Martijn Schuppers belongs to the generation of artists who were still developing their works under the influence of Late Modernity. He was born in Almelo in Holland in 1967 and lives and works as an artist in Groningen today. He has been teaching painting at the Minerva Academy there for several years. Schuppers has been showing his pictures in institutional and museum exhibitions at home and abroad since 2000. His work is represented by important galleries worldwide and exhibited at art fairs. His pictures can be found in many important private and institution collections.
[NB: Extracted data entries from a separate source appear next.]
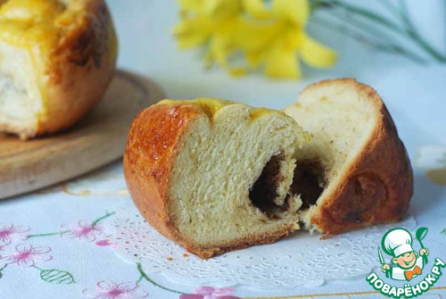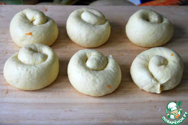Булочки кисточкой смазываем яичным желтком и посыпаем сахаром демерара от "Мистраль".
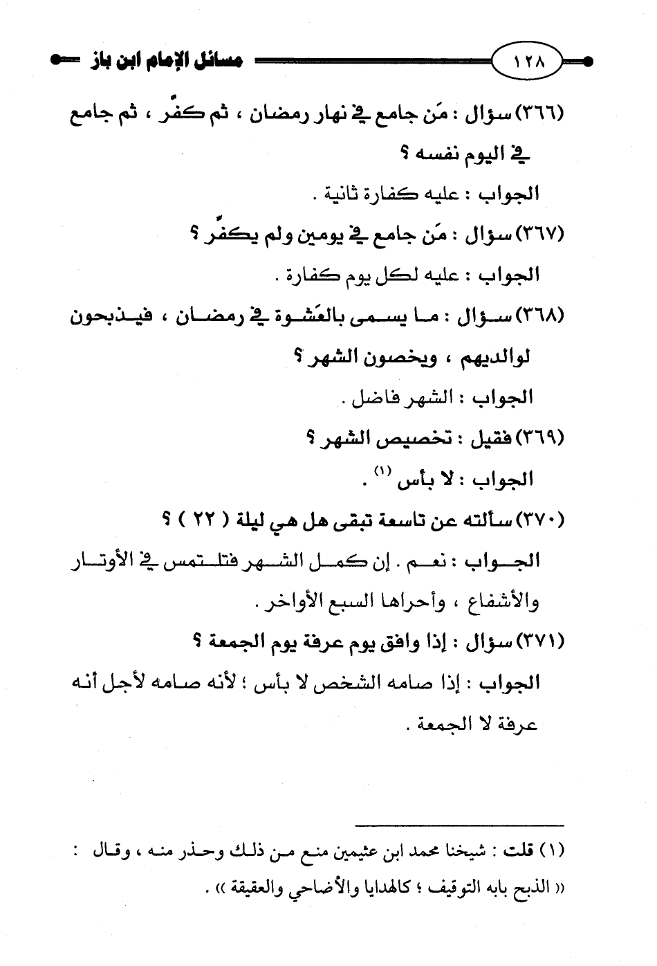 370 - سألته عن تاسعة تبقى هل هي ليلة (22)؟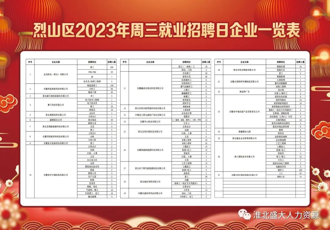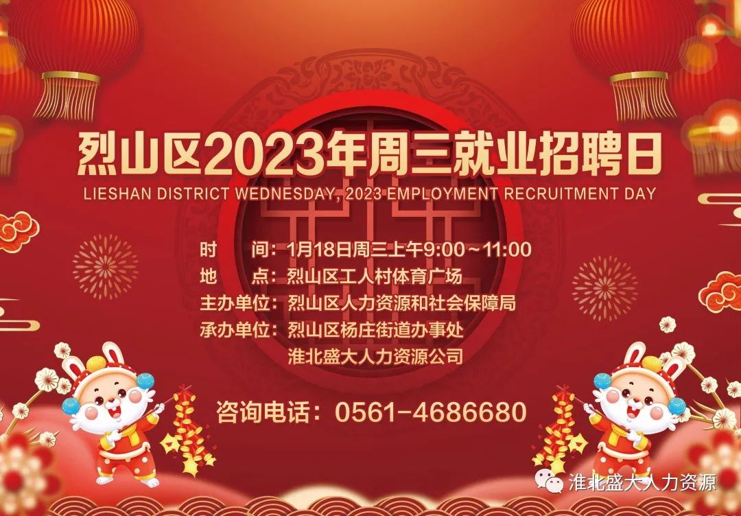 【公益招聘】烈山区2023年周三招聘日专场招聘会

Martijn Schuppers’ works are among the very well known examples of concrete abstract, i.e. representational painting, in the last 15 years. This kind of painting does not abstract from but is always abstract per se. It’s about the materiality of colour and its structure as an abstract formation. Frank Stella expressed it as such in the 1960s: “What you see is what you see. Objects are not illustrated and stories are not told. Artists like Schuppers follow the role models of American post-war painting.” Frank Stella and Donald Judd were such idols. The minimalist art of the Sixties influenced painters like Schuppers, just like the abstract paintings by Gerhard Richter created using a doctor blade and ultimately the Basic Research pictures by Isa Genzken. Minimalist art saw itself as a countermovement to the gestural painting of Abstract Expressionism. Minimalism strives for objectivity, schematic clarity, logic and depersonalisation. Donald Judd and his idea of giving colour a 3D form was extremely influential.
Many of these codes also describe the works by Martijn Schuppers. A painting is an object made up of colour. Colour interplaying with materiality, although just the structure of colour, instantly conjures up a number of associations. The coloured structural paintings remind us of remote stone and rock formations or the oceans’ untouched underwater landscapes. Similar pictures to those that we are familiar with of the cosmos and universe or planets and meteorites. They evade any biological context and have a planetary appeal. They are pictures where there are no traces or signs of humans. And above all, material paintings of colour pigments that fascinate us due to their bizarre beauty.
Today, unlike in the days before computers and smartphones, we are flooded with images from apps and social media. There are plenty of both here: photos ranging from the selfie to snapshots as well as a growing number of good, professional and aesthetically captivating images. The amount of high-quality images that we encounter every day is increasing exponentially. These are almost all digital or digitally edited images. These images differ fundamentally from the paintings by Martijn Schuppers. The major difference is the materiality and its haptic quality. Unlike the flood of images, they allow you to primarily experience the painting as an object made up of colour.